ERICA BIGLEY: Two years ago, we moved away from really an [Original Equipment Manufacturer]-centric model of measurement to look at a consumer-focused model, because we understand that consumers are going to consume content all across the web, on broadcasts and through digital print properties, and they’re not always going to end up back on Ford.com. That really made us understand the value in buying audience segments. Obviously, in the past, if you ran with networks you were beholden to that network to tell you exactly what you were buying. Now, as part of media buys and partner relationships, we can clearly understand who we’re talking to and really make digital a one-to-one communication.
Does being an automaker, as opposed to another ad category, make it easier to use programmatic and specific audience segments as a strategy?
We’re lucky because it’s not like we’re selling a package of toothpaste. When you go and market for an automotive vehicle product, you start researching and really try to understand what you’re going to do, so you send very clear digital signals. We have so much robust data that we’re sitting on. It’s taken the past two years of constantly evolving how we’re looking at that and how we’re using it. Obviously, we started programmatic buying first in the display section of our buys. Just recently, we started moving into video because we really saw the way that consumers are viewing video – again, putting it in the correct data set’s hands, and making sure that it’s contextually relevant – is far more important.
So is it easier from a programmatic standpoint to be an auto marketer as opposed to a packaged goods marketer selling toothpaste?
No, I don’t necessarily think it’s easier. Toothpaste is a low-priced item; the consumer may vary every so often. But if a consumer is in-market to purchase a vehicle, [overcoming loyalty to another brand] is a huge hurdle. That’s not just trying us out for two dollars. This is trying us out for six years while you’re going to drive this vehicle.
It’s all about the way we message to this consumer, how we close the perception gap about how fuel-efficient we really are compared to what the average consumer thinks, how we show the technology and features. It's hard for us. Then again, we have to make sure we’re talking the tone of the consumer, not just the way that we think the consumer should be spoken to.
Is it hard to come by "premium" online video inventory?
To some extent. Let’s say you’re an advertiser and you’re going to buy around the Grammys or the Oscars or some similar tent-pole event. Buying contextually relevant inventory around those events can be hard.
But if you’re launching a vehicle focused on females 25 to 34, there are a lot of really strong female sites that you can partner with. You come into that inventory hurdle.
Data has always been a big part of marketing to "auto intenders," those people who are in-market for a car. How has the use of data evolved since you began employing programmatic buys into your digital strategy?

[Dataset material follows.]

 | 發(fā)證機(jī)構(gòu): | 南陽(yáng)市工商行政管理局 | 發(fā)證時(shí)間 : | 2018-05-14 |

In most cases we’ll buy multiple data sets and run them through programmatic buying, so we can tell which one performs better than the other one. That’s not to say that one data set’s better than the other, but we may have thought our target was women 18 to 34 [when] actually it looks like men are responding to us more. It’s really helped in that case.

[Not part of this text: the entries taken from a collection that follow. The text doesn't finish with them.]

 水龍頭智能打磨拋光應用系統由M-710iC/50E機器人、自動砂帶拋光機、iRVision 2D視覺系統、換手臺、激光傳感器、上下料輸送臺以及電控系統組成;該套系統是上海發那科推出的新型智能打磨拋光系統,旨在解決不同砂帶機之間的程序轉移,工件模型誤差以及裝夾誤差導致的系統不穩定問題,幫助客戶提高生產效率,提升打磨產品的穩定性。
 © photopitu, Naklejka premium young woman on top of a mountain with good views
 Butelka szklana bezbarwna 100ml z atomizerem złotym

Then you can go deeper. Say Message A didn’t work against that data set, but Message B worked better, so obviously this consumer is far more interested in "fuel-efficiency messaging" over "quality messaging." That makes a tremendous difference when you can granularly target your message that way.

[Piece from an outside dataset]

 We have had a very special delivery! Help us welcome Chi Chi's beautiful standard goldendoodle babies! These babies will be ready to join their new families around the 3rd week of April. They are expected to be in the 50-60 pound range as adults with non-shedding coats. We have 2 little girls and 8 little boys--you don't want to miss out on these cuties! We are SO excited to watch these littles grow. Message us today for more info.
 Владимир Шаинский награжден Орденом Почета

How do you view the challenges in mobile, particularly since it's a cookieless environment?
It’s exciting and challenging in the same breath. No longer can you think of mobile as a second screen. It’s predominantly the consumer’s first screen. It’s the first thing that they wake up to in the morning. We just read a stat that’s kind of disturbing. You touch your phone over 100 times a day. We know that we have to be there.
It's making us look outside of standard IAB units and at the targeting possibilities. Mobile targeting is new, but there are some things we could potentially do on geotargeting when we have a retail event.
Are there advances you're seeking from agencies or publishers that would make programmatic ad buys more attractive?
Moving forward with viewability is a huge area that we’re trying to factor in. Cross-platform metrics are another important area we're looking to. Eventually, we want to be able to directly compare how our broadcast is performing to how our online video is performing. That’s going to help when we start to segment out our video from a brand perspective, compared to what we do from a retail perspective.
As you know, there’s no IAB standard [for viewability] right now. We’re testing multiple partners. We are being very open with those partners on what works, what doesn’t work… It’s not a process that we have in place across the board yet.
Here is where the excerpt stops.